Qualcuno le aveva suggerito di toglierla, di eliminare le tracce, di non vivere nei ricordi. Si era avventata malamente contro i portatori di consigli non richiesti. Da allora avevano smesso di intromettersi nella sua vita e la foto era rimasta al suo posto. Le dava forza e conforto, anche se gli altri non capivano.
Fece scivolare indietro la sedia, alzandosi. Prese la giacca dallo schienale, e se la infilò con gesti stanchi. I primi tempi si precipitava piena di euforia e speranza dietro a ogni indizio, anche quelli più improbabili. Con il tempo era diventato un momento da temere. Il sapore della sconfitta, che la tormentava a lungo, era diventato via via sempre meno sopportabile. Preferiva non illudersi, tutto qui.
"Vengo con te", dichiarò Esposito, alzandosi a sua volta.

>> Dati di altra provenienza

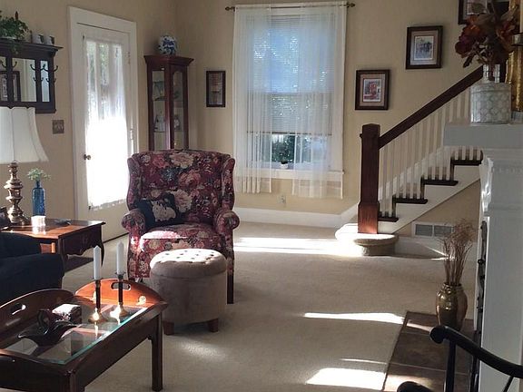 oak flooring under the carpet (except for back family room), utility room is on enclosed 8' x 11' back porch, front foyer with open staircase, 2 fireplaces, nicely landscaped corner lot, very well maintained home, all appliances, window treatments, & TVs present to convey, floored attic, 1 car detached garage with ample storage and attached carport, any furniture remaining could be purchased as well, open front porch, back deck.

"Grazie, ma ho bisogno che tu rimanga qui".
"Non ti faccio andare da sola".
"So badare a me stessa. E sono sicura che non è Castle. Andrò lì, mi accerterò che non è lui, firmerò dei documenti e tornerò a casa".
Più disperata di prima, aggiunse, solo mentalmente.
"Ho voglia di prendermi una pausa lontano dal distretto e farmi un giro in macchina. Dovresti preoccuparti del benessere dei tuoi detective".
Kate apprezzò il tentativo di alleggerire il suo stato d'animo, e l'intenzione celata dietro alla sua proposta. Se non si fosse trattato di Castle, avrebbe voluto essere presente per starle vicino. Lei non si era mai confidata con nessuno,non aveva mai espresso le proprie pene ad alta voce. Era semplicemente andata avanti. Ma Espo era sempre riuscito a trasmetterle il suo sostegno, a volte solo rimanendole seduto vicino in silenzio per ore. Come avrebbe fatto in questa circostanza, se non si fosse trattato di Castle. Ancora di più se, invece, fosse stato davvero lui.
"Preferirei che i miei detective amassero svolgere il loro lavoro, invece che volersi prendere delle pause. Ma... per questa volta puoi venire con me".
"Ottimo", le rispose compiaciuto.
"Ma guiderò io. E tu mi aggiornerai sul caso di oggi, nei dettagli".
"Sissignora".
Kate nascose il sorriso che le era salito alle labbra. Si voltò verso di lui, prima di raggiungere la porta del suo ufficio.
"Grazie", mormorò annuendo.
Non c'era bisogno di aggiungere altro.